This discussion is archived
5 Replies Latest reply: Jun 13, 2012 10:36 PM by 943066 RSS

Cache & object retrieval performance

943066 Newbie
Currently Being Moderated
Hi all,

I have a question regarding query performance, caching and deserialization.

I have a DB of about 1.8GB, 11M records - I run with transactions off, deferred writes enabled, Xmx5300m and cache percent of 60. Writes are very fast, which is excellent.

I use string based keys and have a fairly simple object as the value (a few ints and longs inside it).

I have the need to execute queries that are a series of range-scans that return quite large numbers of results (~250,000 or so).

With a fairly naive implementation, returning 250K results was generally taking about 2200ms, even if the same query is run repeatedly.

I ran some profiling, and it appeared that a lot of the time was spent in deserialization, so implemented a Protostuff based (de)serializer (http://code.google.com/p/protostuff/wiki/ProtostuffRuntime), which I have used before and is wonderfully fast.

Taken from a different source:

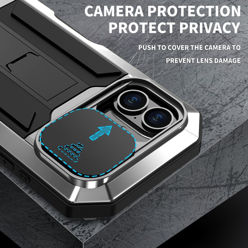 R-JUST iPhone 16 Plus Kickstand Skal Silikon+Metal+PC Silver

This sped things up quite a bit, but queries are still around the 1400ms mark - I realise that the observed deserialization bottleneck was possibly a bit of a red-herring, as any time spent waiting on disk ends up being attributed to the byte deserialization methods.

I was really hoping that cached results would be a lot faster than this and was hoping that BDB JE's caching layer kept deserialized objects in memory, so that if cached results were requested, no deserialization would occur.

Is this the case (or is the cache more of disk blocks)? and if so, am I doing something wrong here, which is causing things to be slower than they should be?

I ran with stats spitting out periodically, shown here: https://gist.github.com/869edc4c00b0d9664e13 (two dumps, several minutes apart with benchmarking running). The operations running during this dump are a series of identical queries executed continuously in a loop.

From what I can gather, the cache misses only increase by ~100,000 over several minutes, which considering every loop of queries returns ~250,000 objects is very low (ie: I would have retrieved >20,000,000 object during the time between stats dumps).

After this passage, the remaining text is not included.